ACTIVITY -
Using the entries that follow, transcribe only the lines from the line with "专注于眼镜行业,深度量身定制,手机端、电脑端数据实时同步。" to the line with "Durable black iron", both included, exactly as they stand and without pictures.

INFORMATION SHOWN -
=== Begin Enclosure ===

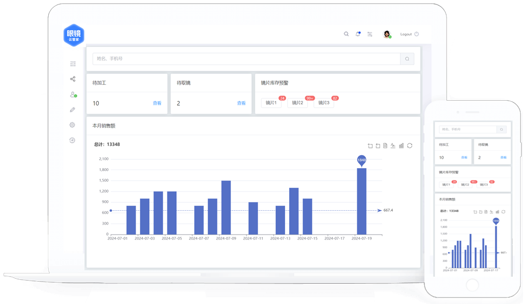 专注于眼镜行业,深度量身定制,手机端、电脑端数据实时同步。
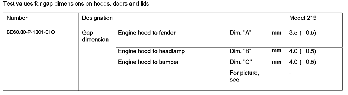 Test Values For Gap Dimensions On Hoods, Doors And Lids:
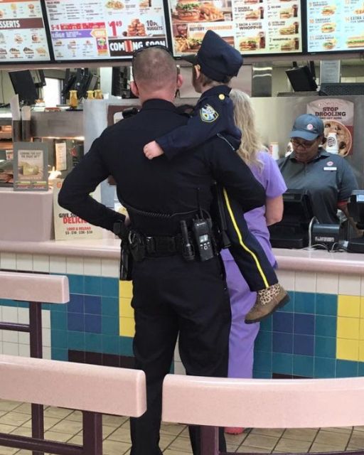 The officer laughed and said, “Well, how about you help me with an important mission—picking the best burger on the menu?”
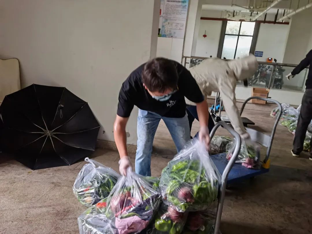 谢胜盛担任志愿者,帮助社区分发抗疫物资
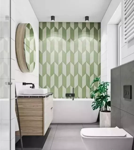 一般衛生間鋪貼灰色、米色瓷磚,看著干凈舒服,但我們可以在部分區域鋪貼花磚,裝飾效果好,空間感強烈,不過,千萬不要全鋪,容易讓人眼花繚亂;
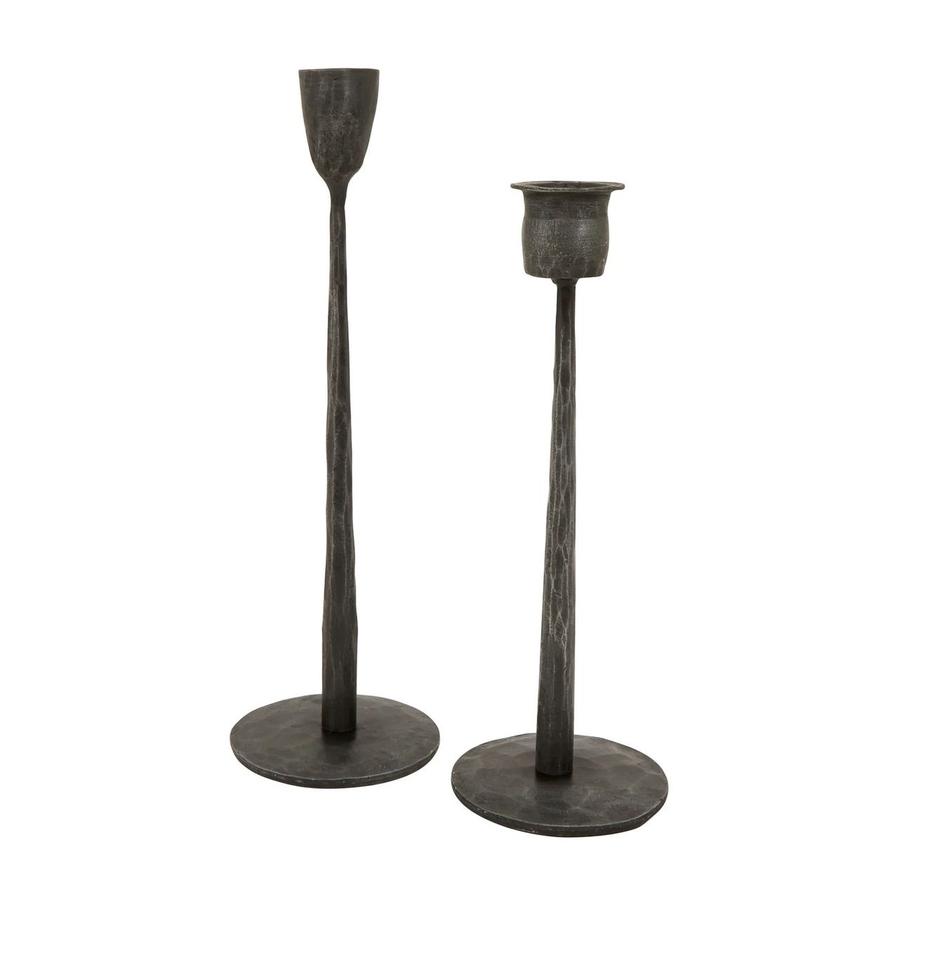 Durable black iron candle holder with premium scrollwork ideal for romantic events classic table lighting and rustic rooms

=== End Enclosure ===
=== Begin Enclosure ===

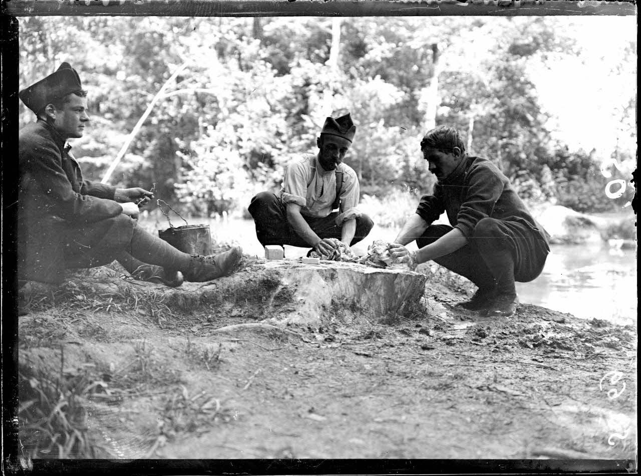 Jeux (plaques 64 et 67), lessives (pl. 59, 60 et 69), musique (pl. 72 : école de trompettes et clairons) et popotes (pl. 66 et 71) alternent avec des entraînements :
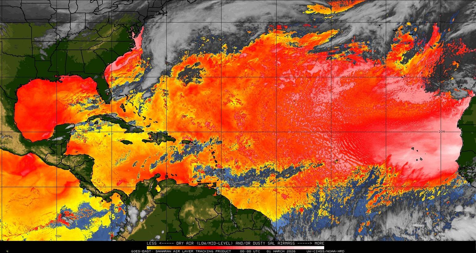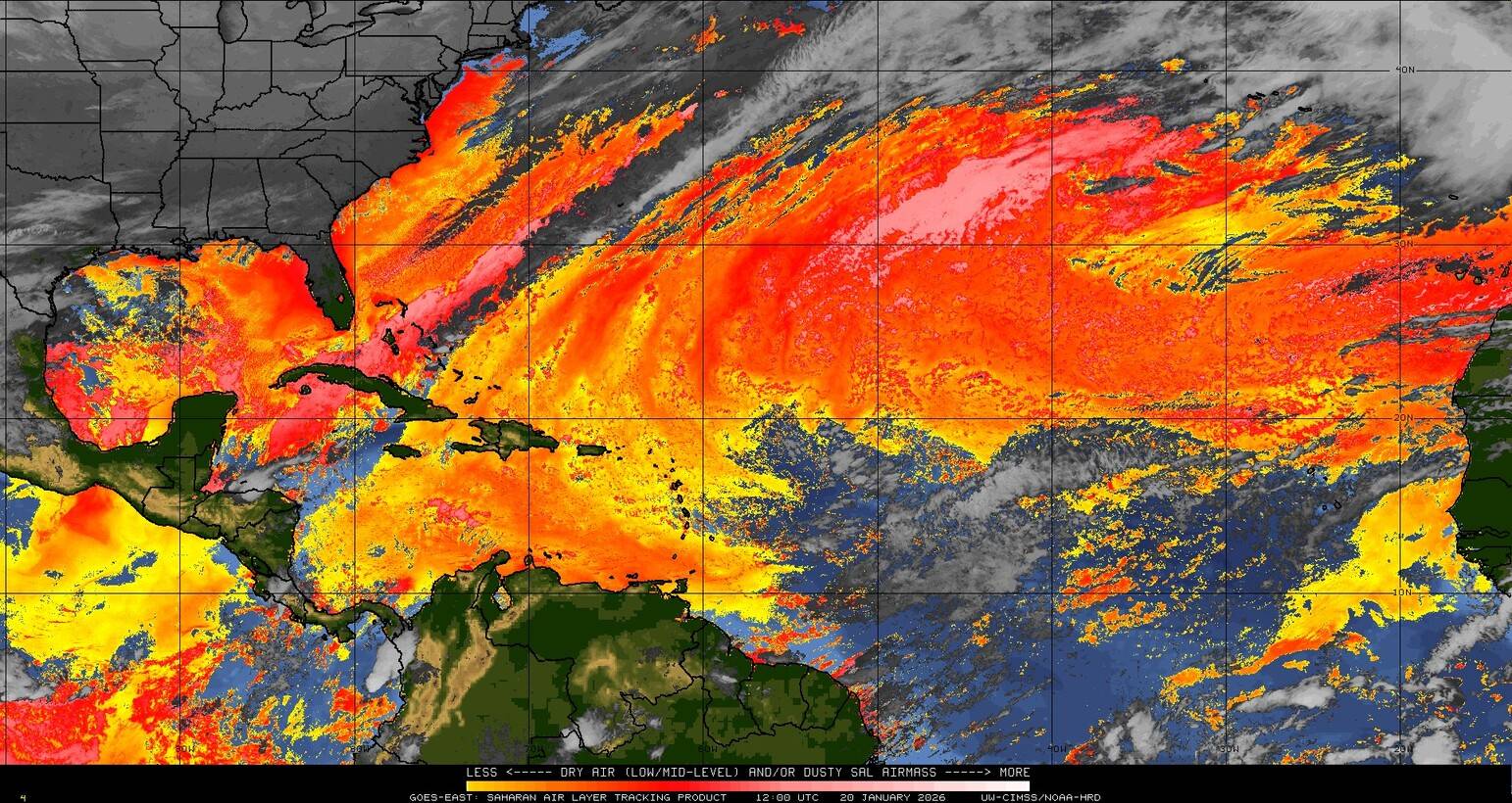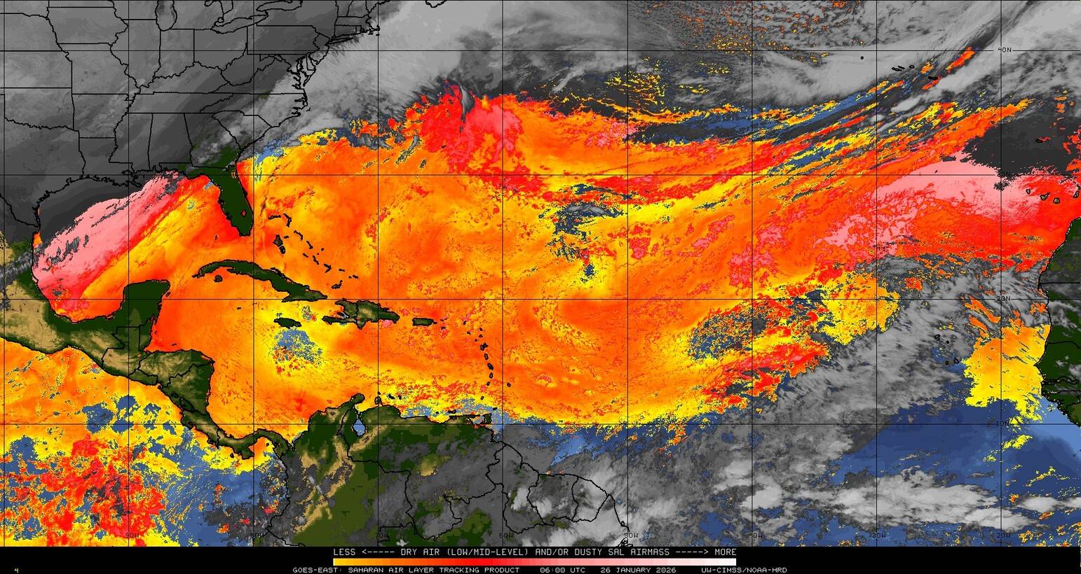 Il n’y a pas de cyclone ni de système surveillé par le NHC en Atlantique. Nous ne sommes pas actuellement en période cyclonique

=== End Enclosure ===

RESULT OF THE TASK -
 专注于眼镜行业,深度量身定制,手机端、电脑端数据实时同步。
 Test Values For Gap Dimensions On Hoods, Doors And Lids:
 The officer laughed and said, “Well, how about you help me with an important mission—picking the best burger on the menu?”
 谢胜盛担任志愿者,帮助社区分发抗疫物资
 一般衛生間鋪貼灰色、米色瓷磚,看著干凈舒服,但我們可以在部分區域鋪貼花磚,裝飾效果好,空間感強烈,不過,千萬不要全鋪,容易讓人眼花繚亂;
 Durable black iron candle holder with premium scrollwork ideal for romantic events classic table lighting and rustic rooms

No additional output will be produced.